Tests are also to be carried out on a third plane grounded in Moscow.

"The initial results of the forensic tests, which were confirmed late this afternoon, have shown very low traces of a radioactive substance onboard two of the three aircraft," according to a Statement on the airline's website.

"British Airways has been advised that this investigation is confined solely to these three B767 aircraft, which will remain out of service until further notice.

"British Airways understands from advice it has been given that the risk to public health is low," the statement continued.

The airline is now looking into 221 flights between the 25 November and 29 November carrying a total of 33,000 passengers.

While underlining that the risk of contagion is very low, the company has advised passengers who travelled on the affected flights to call its special helpline number (see below) and to seek medical advice locally.

Detectives at Scotland Yard have not revealed why they became interested in the three planes but it is known that they are retracing the movements of people associated with Litvinenko.

"I was sick the night after the flight. Of course I am worried that it is because of this," passenger Hugh Symes from Stockholm told Expressen.
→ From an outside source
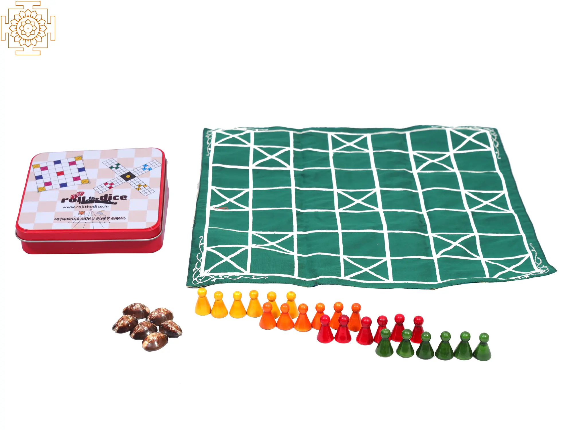 Encased in a sturdy and aesthetically pleasing tin box, this Chowka Bara set is designed for longevity. The tin provides excellent protection for the mat and pieces, ensuring that this game can be passed down through generations, continuing to bring joy and engagement to new players. Its compact nature makes it ideal for travel, allowing you to bring the fun of traditional board games wherever you go, from family vacations to weekend getaways. Bring a piece of cultural heritage into your home and discover the enduring appeal of this classic game.

"I had a high fever, aches, and I vomited up everything I had in my body.

"I am going to get tested today. I want to be sure that I haven't been exposed to the radioactive element," said Symes.

But according to John-Christer Lindhé from the Swedish Radiation Protection Authority, Symes has nothing to worry about.

"If somebody has already been sick it is not due to radiation; it is salmonella or something else.

"High doses lead to nausea, diarrhoea and hair loss, but I do not think that these doses are enough to even cause nausea," Lindhé told news agency TT.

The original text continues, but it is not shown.